Penulis sempat kesulitan menemukan Sanghyang Tikoro. Setelah bertanya pada petugas saatpam di kantor Pusat Listrik Tenaga Air Saguling, barulah kami menemukan lokasinya yang berada di belakang kantor tersebut.
Nama Sanghyang Tikoro sering dihubungkan dengan legenda Sangkuriang, khususnya berkaitan dengan Danau Bandung. Istilah Sanghyang berarti Dewa, sedangkan Tikoro adalah tenggorokan, sehingga keseluruhan berarti tenggorokan dewa.
Dalam legenda diceritakan pula suatu saat jikalau lubang Sanghiang Tikoro tersumat oleh sebatang lidi saja, kawasan Bandung Raya akan kembali tergenang air seperti dalam legenda Sangkuriang.

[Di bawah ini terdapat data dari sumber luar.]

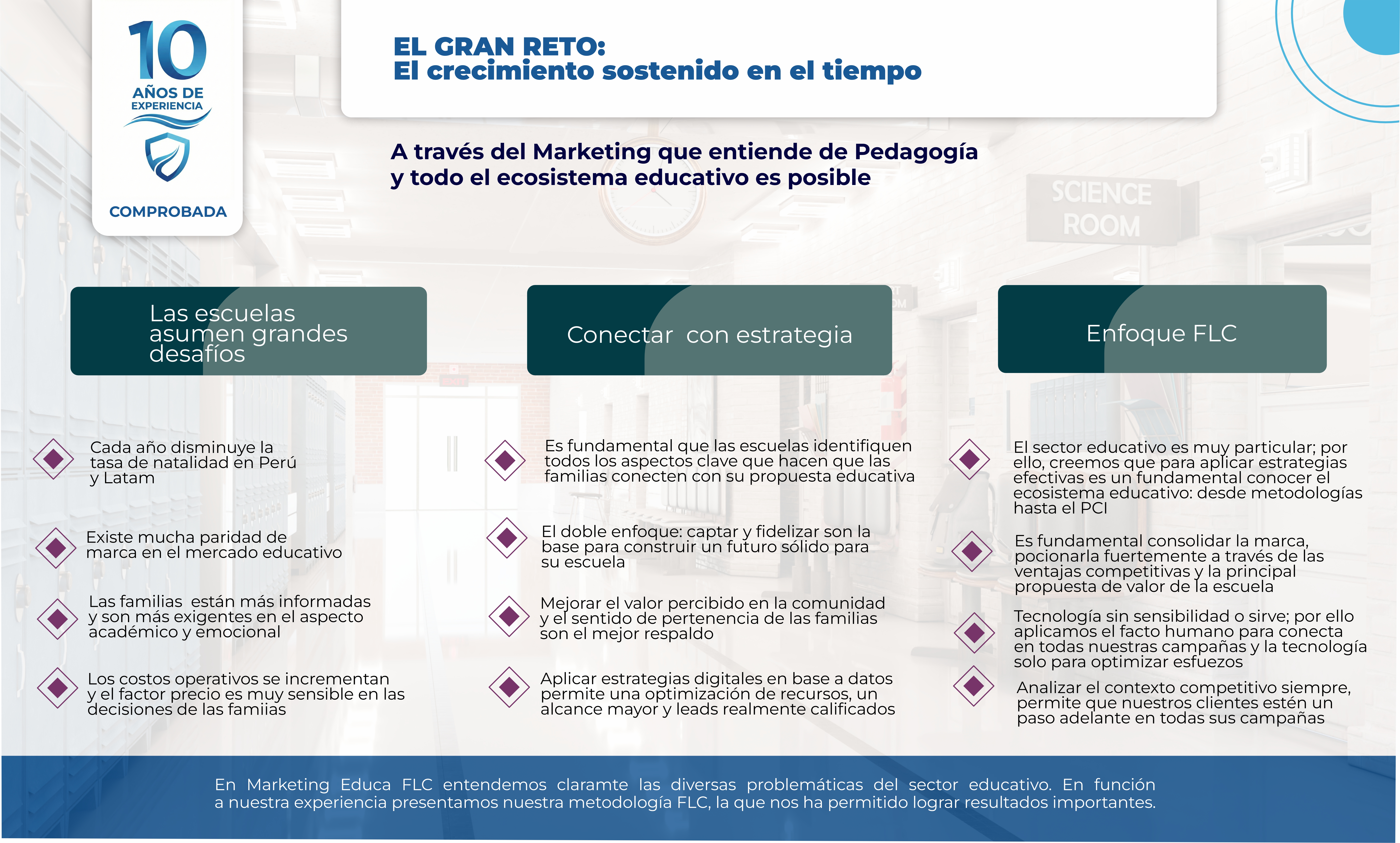 Integramos, de manera eficiente, las distintas estrategias y herramientas del marketing con diversos enfoques educativos y acompañamos a nuestros clientes hasta el logro de sus objetivos. No buscamos que nuestras ideas solo sean memorables, buscamos aterrizarlas en resultados concretos; para ello, contamos con un staff de administradores especialistas en procesos e implementación de indicadores.

Sebenarnya Sanghyang Tikoro adalah sebuah gua berbahan dasar batugamping yang bagian bawahnya dilalui aliran air Sungai Citarum yang deras. Panjang gua bawah tanah itu 162 m dengan kedalaman sekitar 1,5 di musim kemarau.
Tak jauh dari Sanghyang Tikoro, ke arah hilir aliran Sungai Citarum, terdapat lokasi yang sering digunakan olah raga arum jeram. Lokasi ini sangat cocok sebagai ajang lathan bagi pemula karena arus air dan jeramnya tidak terlalu berbahaya.
Akhirnya selesai sudah perjalanan sehari menjelajahi Bandung Purba. Tuntas sudah segala keingintahuan kami.